Looking at the source of the exception (again), it is comparing
numRows != other.numRows(). Since matrix A is [15x39] and svdT is
[12x39] shouldn't A.t[ransposeT]imes(svdT) be comparing the numCols
instead? What exactly is DMR.times() doing?
@Test
public void testKmeansDSVD() throws Exception {
DistanceMeasure measure = new EuclideanDistanceMeasure();
Path output = getTestTempDirPath("output");
Path tmp = getTestTempDirPath("tmp");
Path eigenvectors = new Path(output, "eigenvectors");
int desiredRank = 13;
DistributedLanczosSolver solver = new DistributedLanczosSolver();
Configuration config = new Configuration();
solver.setConf(config);
Path testData = getTestTempDirPath("testdata");
int sampleDimension = sampleData.get(0).get().size();
solver.run(testData, tmp, eigenvectors, sampleData.size(),
sampleDimension, false, desiredRank);
// now multiply the testdata matrix and the eigenvector matrix
DistributedRowMatrix svdT = new DistributedRowMatrix(eigenvectors,
tmp, desiredRank - 1, sampleDimension);
JobConf conf = new JobConf(config);
svdT.configure(conf);
DistributedRowMatrix a = new DistributedRowMatrix(testData, tmp,
sampleData.size(), sampleDimension);
a.configure(conf);
// DMR.times() is really transposeTimes()?
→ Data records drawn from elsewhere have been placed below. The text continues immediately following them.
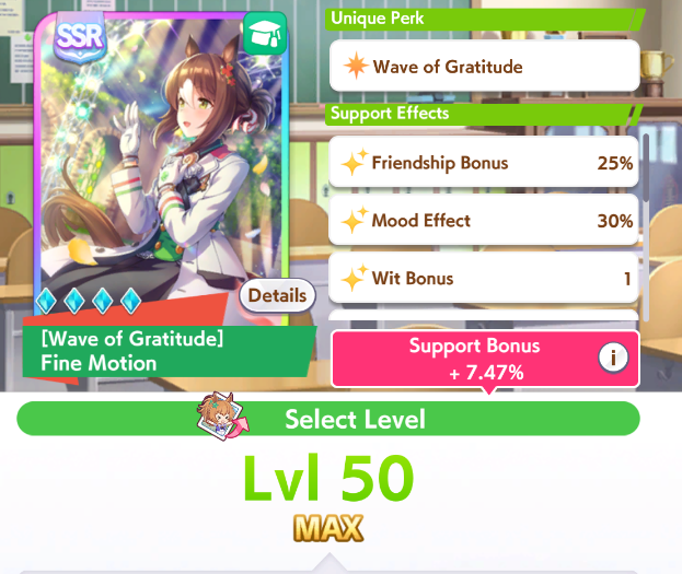 Current Rate Up Support Cards: Kawakami Princess (Speed), Fine Motion (Wit), Narita Top Road (Speed), SR Admire Vega (Guts), SR Mejiro Ryan (Stamina), SR Bakushin (Power)
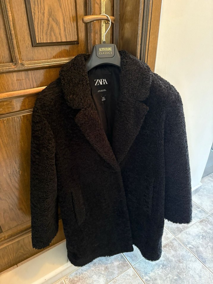 peluş kumaşlı, kürk detaylı kadın midi kaban, uzun kollu, rahat kesim. Sokak modasına uygun, günlük kullanıma ideal. Zara markası.
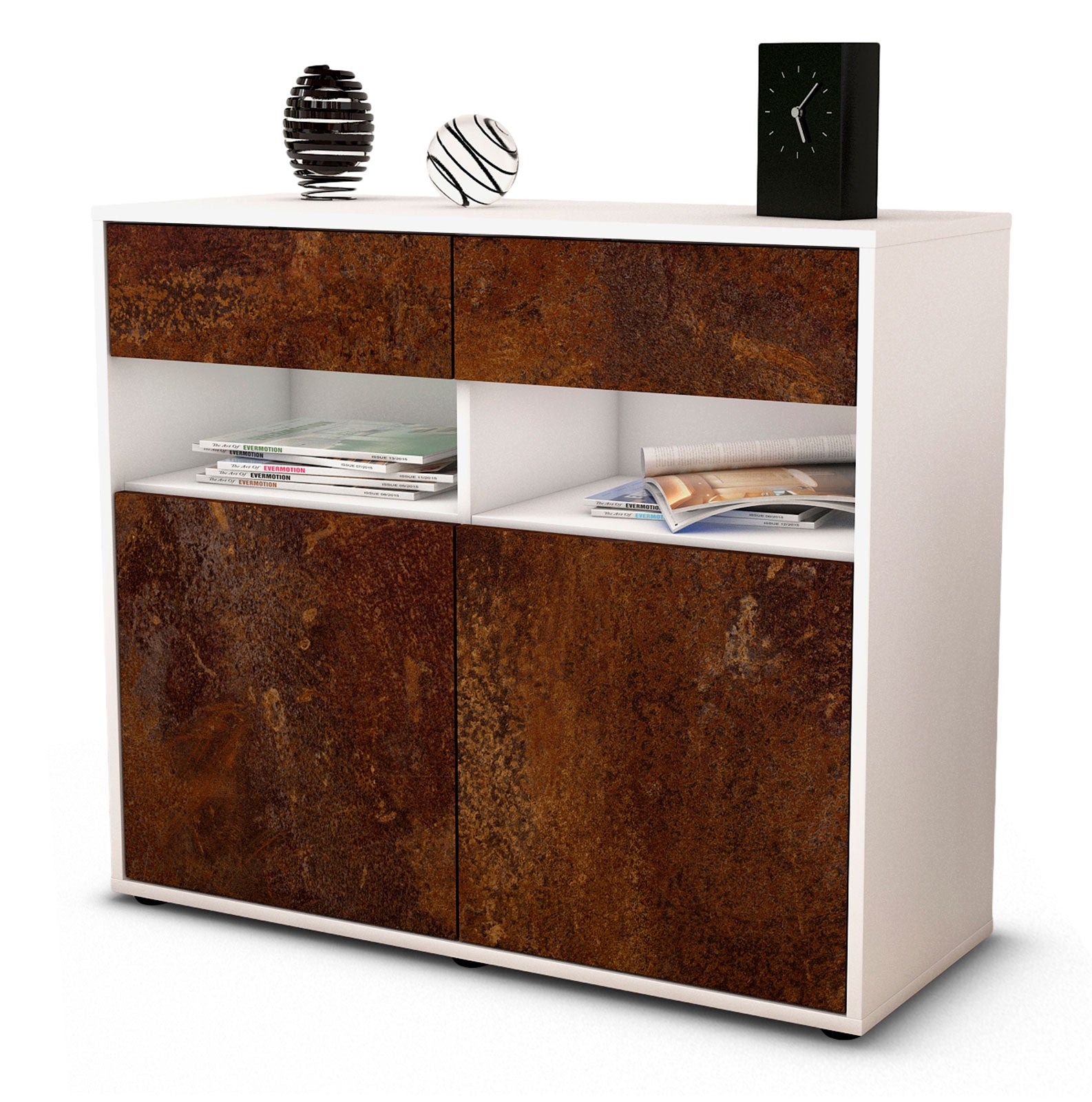 Dieses Sideboard hat Gesamt-Maße von 92x79x35cm. Viel Platz, eine leere Wand, kein passendes Möbelstück? Unsere 92 cm lange Kommode ist die perfekte Lösung! Die Frontfarbe Rost wirkt antik und verleiht einen Retro Industrie-Look. Die Darstellung von alten, verwitterten oder verrosteten Metall / Eisen wirkt Rot-Braun bzw. Bronze-Farben. Der weiße matte Korpus kann überall integriert werden. Mit der beruhigenden Farbe weiß, findet sich leicht Stellplatz für dieses schöne Möbelstück.
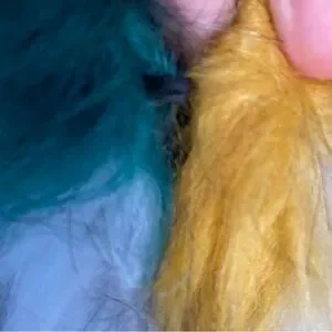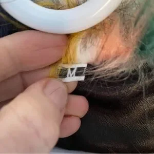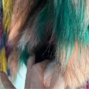 Excellent worn condition, Faux Fur Rainbow Coat, size M. Has side pockets and three front hooks for closure. No rips or stains.
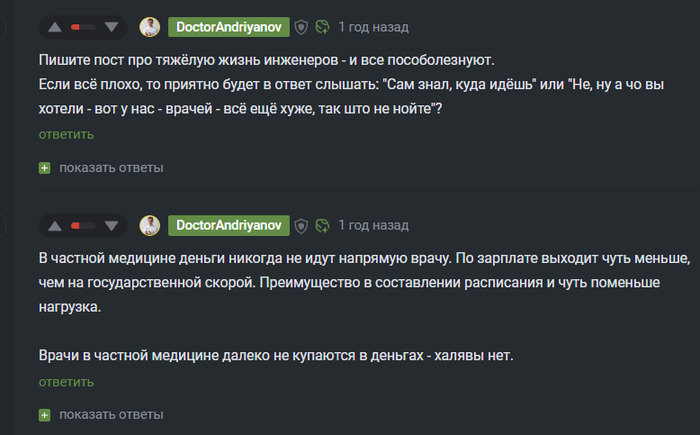 И отсюда можно предположить, из чего истекают все его действия. Ему хочется зарабатывать больше. Но он не пошел по варианту идти чтобы повышать свою квалификацию, получать степени кандидата и доктора медицинских наук, как то делает подавляющее большинство врачей, ну или просто, как сам признает, "повышать нагрузку". А вместо этого идет на самые странные способы, кроме уже указанной вызывающей испанский стыд "баночки для чаевых на вызовах скорой", была и реклама его закрытого платного чата с его участием, на каждый пост "украшает" ссылка на ТГ или ВК где оказывают платные услуги, конечно же подключен донат на Пикабу. А все, кто не помогают зарабатывать, попадают в разряд "они мешают моему бизнесу" и под банхаммер.

Then this should work.
DistributedRowMatrix sData = a.times(svdT);
sData.configure(conf);
// now run the Canopy job to prime kMeans canopies
CanopyDriver.runJob(sData.getRowPath(), output, measure, 8, 4,
false, false);
// now run the KMeans job
KMeansDriver.runJob(sData.getRowPath(), new Path(output,
"clusters-0"), output, measure, 0.001, 10, 1, true, false);
// run ClusterDumper
ClusterDumper clusterDumper = new ClusterDumper(new Path(output,
"clusters-2"), new Path(output, "clusteredPoints"));
clusterDumper.printClusters(termDictionary);
}
On 9/2/10 10:10 PM, Ted Dunning wrote:
I think that the solver actually does an SVD, but most of what you say
follows.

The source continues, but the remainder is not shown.